Wednesday, October 17, 2007

Kelantan still notorious for wildlife smuggling

After trailing for SIX hours, a smuggler could easily jump off and ROW a boat across a river and escape! This can only happen in Bolehland!!! Read the story below.

From The Star
Wednesday October 17, 2007
Kelantan still notorious for wildlife smuggling
By IAN MCINTYRE

KOTA BARU: Kelantan continues to be a hotspot for wildlife trafficking despite various efforts to smash syndicates smuggling out protected and exotic species.

The conclusion was reached after an anti-smuggling unit recently thwarted an attempt to smuggle out the carcass of a two-year-old female black panther at the border township of Rantau Panjang, 50km from here.

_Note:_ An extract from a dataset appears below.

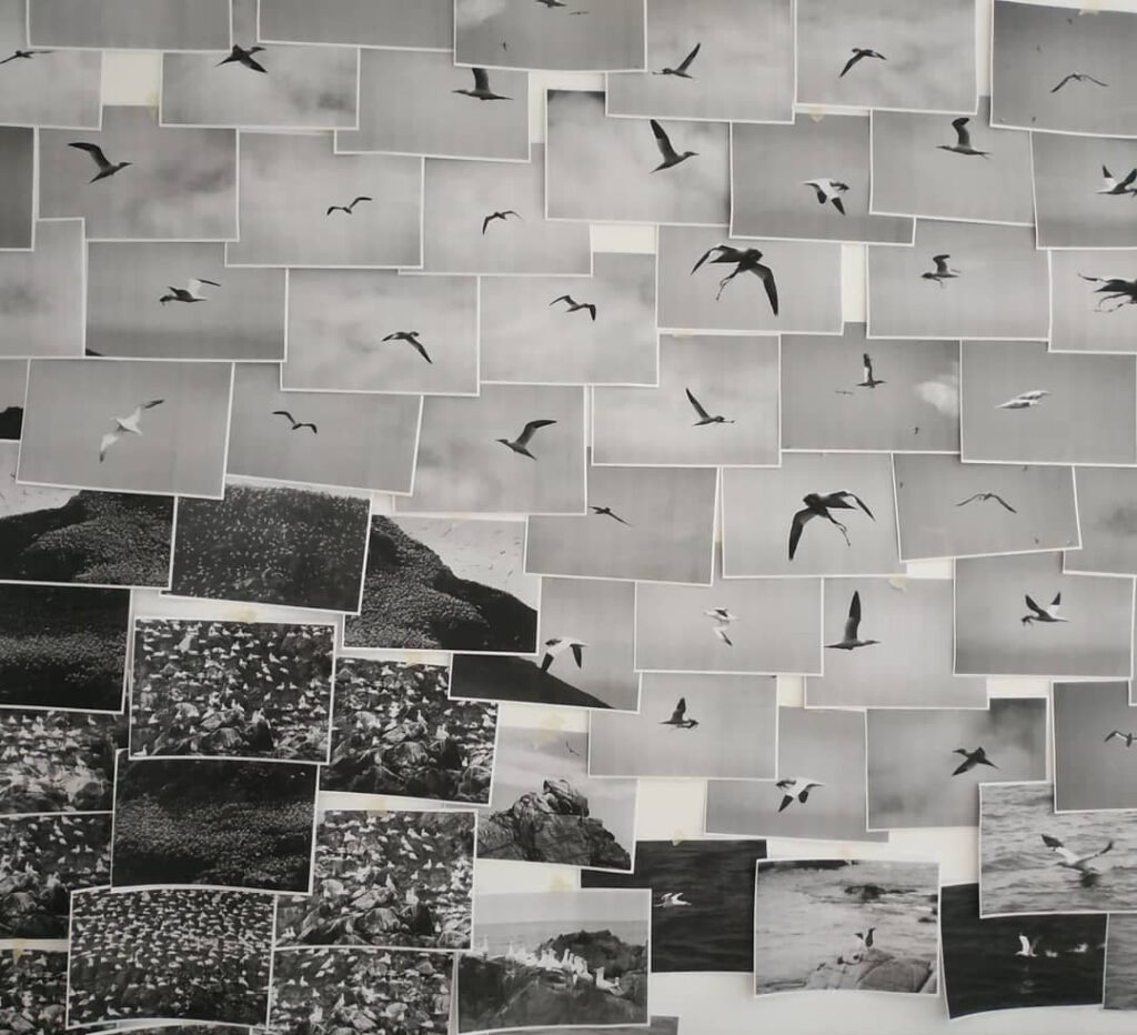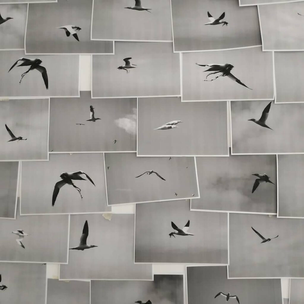 installation de photographies imprimées en noir et blanc sur papier imprimante, dimensions variables, 2020

Wildlife enforcement officials accompanied by the anti-smuggling team trailed a suspected smuggler for six hours last Thursday near the township before intercepting his car at about 5pm.

The suspect abandoned his car, jumped into a boat and rowed through Sungai Golok to reach the Thai side.

A state Wildlife and National Parks Department spokesman confirmed that the panther, worth an estimated RM16,000, was the work of a syndicate and investigations were underway to nab the culprits.

The carcass is currently stored at the department’s office as part of the investigation and it is believed that the protected species was killed in a Kuala Krai forest.

According to Traffic South East Asia (Wildlife Trade Monitoring Network) senior programming officer Chris Shepherd, the porous boundary conditions are ideal grounds for organised smuggling of wildlife, notably leopards, tigers, pangolins and freshwater turtles.

Malaysia as a member of Asean, is increasingly under threat from transboundary smuggling and the resulting effect is dwindling numbers of protected species and exotic animals, Shepherd said.

“The entire region is facing increasing pressure from wildlife smuggling. Enforcement authorities are struggling to keep abreast of the tactics of organised wildlife smugglers.
“What has been detected is only the tip of the iceberg,” he said.

Kelantan is a traditional smugglers den and it is also a top transit route used by wildlife smugglers to send across shipments to Thailand and China where the black panther is destined for the cooking pot.

To make matters worse, Malaysians are increasingly fond of exotic animal meat.
Despite the presence of wildlife conservationist groups such as World Wide Fund for Nature (WWF-Malaysia) and various campaigns here, the state continues to be notorious for wildlife smuggling.